[BDD] [Long Story] I’m a fucking realist - Where it all started.

Cardiologyscribe

Cardiologyscribe

Cop
Joined
Jan 30, 2020
Posts
2,265
Reputation
2,499
Through high school I had really bad acne which is what I thought was my only big failo.

Luckily I ran XC and Track and was pretty good and went to a preppy HS where they cared about obscure sports like that. So the athlete halo really got me through.

Being a distance runner I was also really insecure about my frame. Being skinny af I was very sensitive to comments about it (even though they usually weren’t meant to hurt me, they really did) - nobody thinks this but for a guy comments about being skinny are just as hurtful as making fun of someone for being fat. Difference is the fat person deserves it way more.

I think deep down I wasn’t too happy with my face in pictures but it was subconscious. At times I thought I was extremely attractive. I was a normie and I guess I just didn’t let it bother me because I had no idea how important looks are.

I was rarely bullied but can clearly remember the few times I experienced it and they really stuck with me. Once, this girl who sat at my lunch table all of freshman year stared at me intently and said “It’s weird.... you’re like half hot and half ugly....”

I didn’t know what to say. It was so embarrassing. The thing that hurt the most is I agreed with her, I just couldn’t place what was “off” about my face.

At 18 I met my first gf. I wasn’t crazy about her but objectively I was lucky to have her. I got comments about “how good I did” with her. I think the fact I wasn’t crazy about her is what let me not act obsessed and clingy and made her so crazy about me. Well anyway I went to this college in Boston where everyone is hot so I ended up cheating on her and broke up with her.

Well I realized it was not easy to get whoever I wanted. So I started working out more and put on some lean mass and got my acne under control.

By this time I am 20 and felt like a million dollars (falsely). This false confidence lead me into dating this girl all over that spring semester (from December to May) but we never made it official. I was in love. But certain things just didn’t add up. We saw eachother a lot and she told me things that made me feel great about myself and where things were going. Then I found out she already had a boyfriend (who she was hiding this whole time) and she was not going to leave him for me (and even if she would that’s not an honest person to be with.)

Well I was crushed to find this out and at the exact same time my dad cheated on my mom. I realized I never want to go through getting cheated on or have someone pick someone else over you. That heartbreak was so bad I never want to experience that again. I will never be on the bottom like that again if I have anything to do with it - I will be the one breaking hearts around here.

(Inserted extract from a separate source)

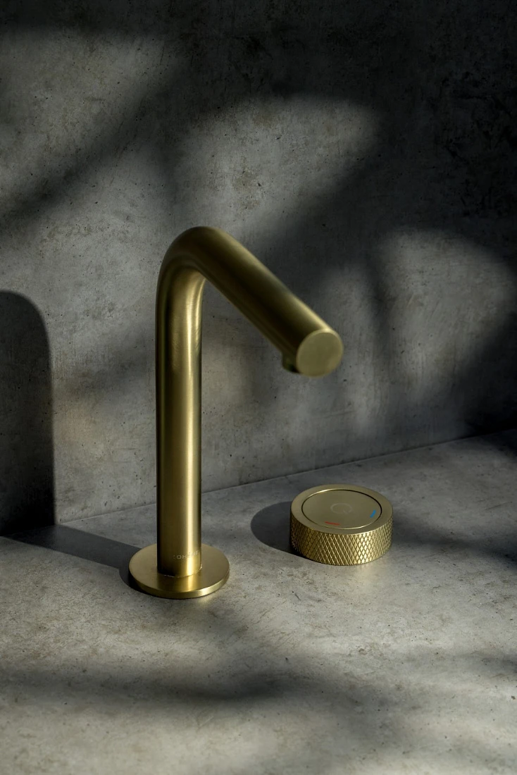 - Пуск воды осуществляется путем нажатия на кнопку, регулировка температуры - путем поворота рукоятки.

I took a long hard look at myself. I realized I am not chad and on most days not even chad lite. I thought I finally had it - my jawline was not as defined as chads. I thought I just need to lose bodyfat. (Still bluepilled at this point when it comes to aesthetics but I was redpilled as far as I had to do something and I knew it had to do with looks)

I dropped fat and realized something was still off - just as it was when I was a low bodyfat track runner. That bitch from my lunch tables words still haunted me in the back of my mind “you’re half hot but half ugly”

What was it that ruined my face?????

Then I finally found out from lookism this summer what it is -

Maxillomandibular Retrusion.

It sucks to know I have this to a mild degree and need Bimax to fix it. But atleast finally knowing set me free.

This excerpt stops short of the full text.